# Problem 6 (30 Points)

During the lecture you worked with pipelines in SciKit-Learn to perform feature transformation before classification/regression using a pipeline. In this problem, you will look at another scaling method in a 2D regression context.

*You are welcome to use any of the code provided in the lecture activities.*

#### Summary of deliverables:
Sklearn Models (no scaling): Print Train and Test MSE
- Linear Regression (input degree 8 features)
- SVR, C = 1000
- KNN, K = 4
- Random Forest, 100 estimators of max depth 10  

Sklearn Pipeline (scaling + model): Print Train and Test MSE
- Linear Regression (input degree 8 features)
- SVR, C = 1000
- KNN, K = 4
- Random Forest, 100 estimators of max depth 10  

Plots
- 1x5 subplot showing model predictions on unscaled features, next to ground truth
- 1x5 subplot showing pipeline predictions with features scaled, next to ground truth

Questions
- Respond to the prompts at the end

In [None]:
import numpy as np
import matplotlib.pyplot as plt


from sklearn.linear_model import LinearRegression
from sklearn.svm import SVR
from sklearn.ensemble import RandomForestRegressor
from sklearn.neighbors import KNeighborsRegressor
from sklearn.preprocessing import PolynomialFeatures, QuantileTransformer
from sklearn.pipeline import Pipeline
from sklearn.metrics import mean_squared_error
from sklearn.model_selection import train_test_split

def plot(X, y, title=""):
    plt.scatter(X[:,0],X[:,1],c=y,cmap="jet")
    plt.colorbar(orientation="horizontal")
    plt.xlabel("$x_1$")
    plt.ylabel("$x_2$")
    plt.title(title)

## Load the data

Complete the loading process below by inputting the path to the data file "w6-p1-data.npy"

Training data is in `X_train` and `y_train`.
Testing data is in `X_test` and `y_test`.

In [None]:
# YOUR CODE GOES HERE
# Define path
data = np.load(path)
X, y = data[:,:2], data[:,2]
X_train, X_test, y_train, y_test = train_test_split(X, y, train_size=int(0.8*len(y)),random_state=0)

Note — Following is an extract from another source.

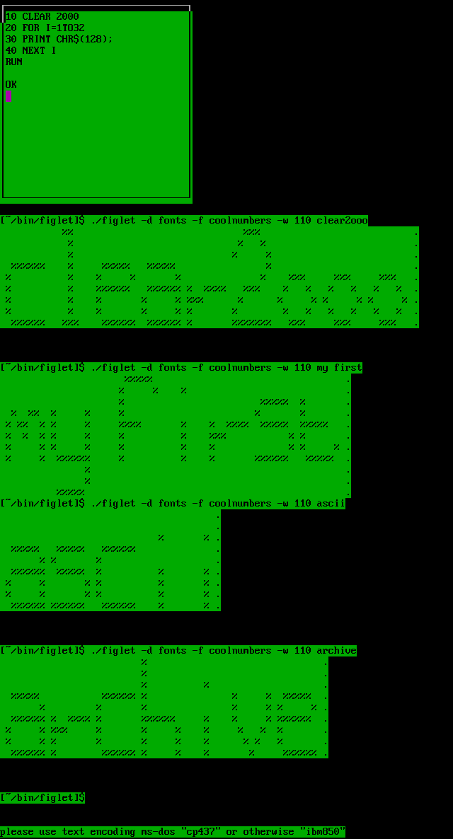 /bin/figlet ./figlet -d fonts -f coolnumbers -w 110 clear2ooo

plt.figure(figsize=(10,5))
plt.subplot(1,2,1)
plot(X_train, y_train, "Training data")
plt.subplot(1,2,2)
plot(X_test, y_test, "Testing data")
plt.show()

## Models (no input scaling)
Fit 4 models to the training data:
- `LinearRegression()`. This should be a pipeline whose first step is `PolynomialFeatures()` with degree 7.
- `SVR()` with C = 1000 and "rbf" kernel
- `KNeighborsRegressor()` using 4 nearest neighbors
- `RandomForestRegressor()` with 100 estimators of max depth 10

Print the Train and Test MSE for each

In [None]:
model_names = ["LSR", "SVR", "KNN", "RF"]

# YOUR CODE GOES HERE

## Visualizing the predictions
Plot the predictions of each method on the testing data in a 1x5 subplot structure, with the ground truth values as the leftmost subplot.

In [None]:
plt.figure(figsize=(21,4))
plt.subplot(1,5,1)
plot(X_test, y_test, "GT Testing")

# YOUR CODE GOES HERE

plt.show()

## Quantile Scaling

A `QuantileTransformer()` can transform the input data in a way that attempts to match a given distribution (uniform distribution by default).  
- Create a quantile scaler with `n_quantiles = 800`.
- Then, create a pipeline for each of the 4 types of models used earlier
- Fit each pipeline to the training data, and again print the train and test MSE

In [None]:
pipeline_names = ["LSR, scaled", "SVR, scaled", "KNN, scaled", "RF, scaled"]

# YOUR CODE GOES HERE

## Visualization with scaled input
As before, plot the predictions of each *scaled* method on the testing data in a 1x5 subplot structure, with the ground truth values as the leftmost subplot.  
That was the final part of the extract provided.